『论文笔记』Defending Against Universal Adversarial Patches by Clipping Feature Norms

Information

Title: Defending Against Universal Adversarial Patches by Clipping Feature Norms
Author: Cheng Yu, Jiansheng Chen, Youze Xue, Yuyang Liu, Weitao Wan, Jiayu Bao, Huimin Ma
Institution:
- Department of Electronic Engineering, Tsinghua University, China
- Beijing National Research Center for Information Science and Technology, China
- University of Science and Technology Beijing, China
Year: 2021
Journal: ICCV
Source: Open access，Supplemental(注：开源代码在补充材料中 (゜▽゜*) ), IEEE
Cite: Cheng Yu, Jiansheng Chen, Youze Xue, Yuyang Liu, Weitao Wan, Jiayu Bao, Huimin Ma; Proceedings of the IEEE/CVF International Conference on Computer Vision (ICCV), 2021, pp. 16434-16442
Idea: 从实验和数学推导证明了对抗补丁会导致特征范数变大并提出了特征范数裁剪的方法来防御对抗补丁攻击

@InProceedings{Yu_2021_ICCV,
    author    = {Yu, Cheng and Chen, Jiansheng and Xue, Youze and Liu, Yuyang and Wan, Weitao and Bao, Jiayu and Ma, Huimin},
    title     = {Defending Against Universal Adversarial Patches by Clipping Feature Norms},
    booktitle = {Proceedings of the IEEE/CVF International Conference on Computer Vision (ICCV)},
    month     = {October},
    year      = {2021},
    pages     = {16434-16442}
}

Abstract

针对通用对抗补丁(universal adversarial patches) 作者从实验和数学两方面说明了通用对抗补丁通常会导致常见CNN计算的深度特征向量的范数非常大，据此作者提出了一种简单有效的防御方法 FNC (Feature norm clipping)。

Introduction

所谓通用对抗补丁就是一种局部的特殊图案，无论原始图片是什么，无论对抗块放置在图片的什么地方，都能对网络产生误导（原文^[1]称这是利用了一般神经网络在有很多不同对象的分类任务中通常只会给出最显著的那个，即对抗补丁是一种“很强”的目标使其掩盖了原有图像中的分类目标）。

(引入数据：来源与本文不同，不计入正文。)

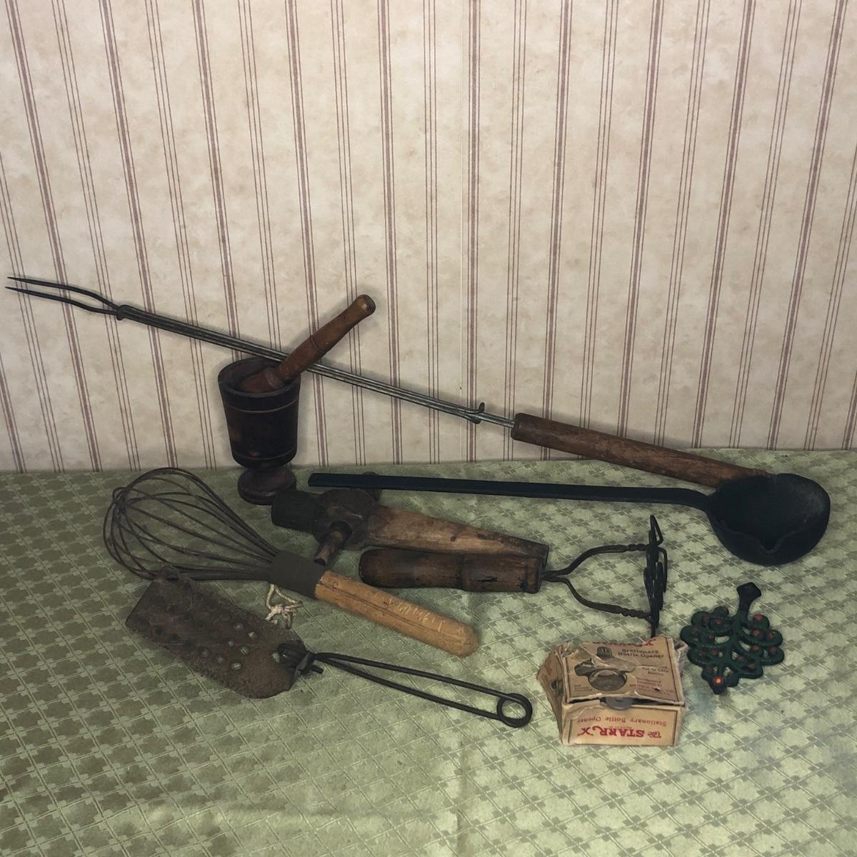 Includes a wooden mortar and pestle, an auto flipping spatula, whisk, masher, spout, cast iron ladle, Pepsi branded bottle opener, and small trivet.

在这篇文章中，作者从数学上指出了通用对抗补丁为什么具备这样的性质。实验中发现通用对抗补丁在前向传播的时候通常会导致局部空间特征向量的范数显著大于其他特征向量。在CNN常用的全局平均池化下，通常大范数的特征向量会在最终结果中起到决定性作用。这种现象通常只在对抗补丁这样局部对抗扰动中存在，这导致 CNN 的有效感受野大大缩小。另一方面，其他部分的特征并不受影响，这也要求对抗补丁具备大的特征范数。

这篇文章的贡献如下：

分析了通用对抗补丁对深度特征表示的影响，数学上阐明了局部补丁区域存在大范数的现象
提出了简单有效的方法 FNC 通过限制产生大的特征范数来削弱通用对抗补丁参数的影响
效果很好

Method

先给出一些必要的简单定义：

补丁对抗样本 \(\hat{\mathbf{x} }\) 由原始样本 \(\tilde{\mathbf{x} }\) 通过以下公式生成 \[ \hat{\mathbf{x} }=(\mathbf{1}-\mathbf{M}) \odot \tilde{\mathbf{x} }+\mathbf{M} \odot A(p, t) \] 其中 \(\odot\) 表示哈达玛积(Hadamard product，其实就是矩阵对应位置相乘)，\(\mathbf{M} \in \{0, 1\}^{H \times W \times C}\) 是补丁位置的二进制掩码，\(A(p, t)\) 是将补丁 \(p\) 做一个几何变换 \(t\) 并放置到 \(\mathbf{M}\) 所指示的位置，其优化过程如下式所示 \[ \max _p \mathbb{E}_{\tilde{\mathbf{x} } \sim X, t \sim T} \log \operatorname{Pr}(\hat{y} \mid \hat{\mathbf{x} }) \] 即最大化分类损失，使得模型分类错误。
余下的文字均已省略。